# Individual Wrapping



## Beach (Nov 18, 2006)

The screen printer I'm using doesn't offer wrapping. As such, I have a box full of t-shirts. How can I wrap them individually? Where do I get the bags? I would like to wrap the shirts before I send them in the mail.

Any suggestions?


----------



## Rodney (Nov 3, 2004)

You can get some individual bags to wrap them in from ULINE (www.uline.com). 

If you search the forums for bags, there are some past topics with other good source links.


----------



## Beach (Nov 18, 2006)

Thanks Rodney!

I will check them out.


----------



## Mymil (Nov 23, 2006)

Another place (with very similar products as ULINE...) is Chiswick: http://www.chiswick.com/

I've always been very happy with their products, service, and delivery!


----------



## lgiglio1 (Sep 29, 2006)

You could always wrap in tissue paper from your local dollar store and then put in a shopping bag that says "Thank You" on it.
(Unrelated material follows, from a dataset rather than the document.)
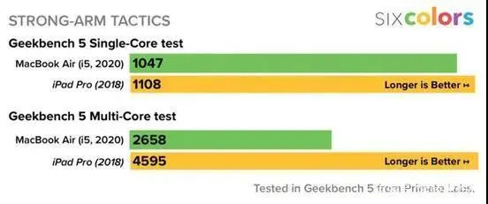 目前,GeekBench跑分数据库中已经有了新款iPad Pro和MacBook Air 2020的跑分成绩。相较于前代,MacBook Air 2020单核性能提高了32%,多核性能提高了63%。但这一成绩还是比不过搭载12Z芯片的新款iPad Pro。

I bought my bags at the locals Sam's Club.


----------



## MotoskinGraphix (Apr 28, 2006)

Can you have ULINE print on their shipping bags your logo info?


----------



## bradbane (Dec 7, 2006)

your screen printer can probably do it. i own a print shop and i do it on my own shipping supplies.


----------



## Mymil (Nov 23, 2006)

MotoskinGraphix said:


> Can you have ULINE print on their shipping bags your logo info?


I don't know about ULINE, but Chiswick certainly will do it: http://www.chiswick.com//personalize/personalize.asp?


----------



## Fluid (Jun 20, 2005)

You can also search for PolyBags and find all sorts of vendors.


----------



## Rodney (Nov 3, 2004)

Yes, Uline will print on shipping bags, but their minimums are pretty high.


----------



## csquared (Sep 8, 2006)

I buy U-line bags and use printed stickers with my company logo and saying ( I buy the stickers from office depot and use my printer)


----------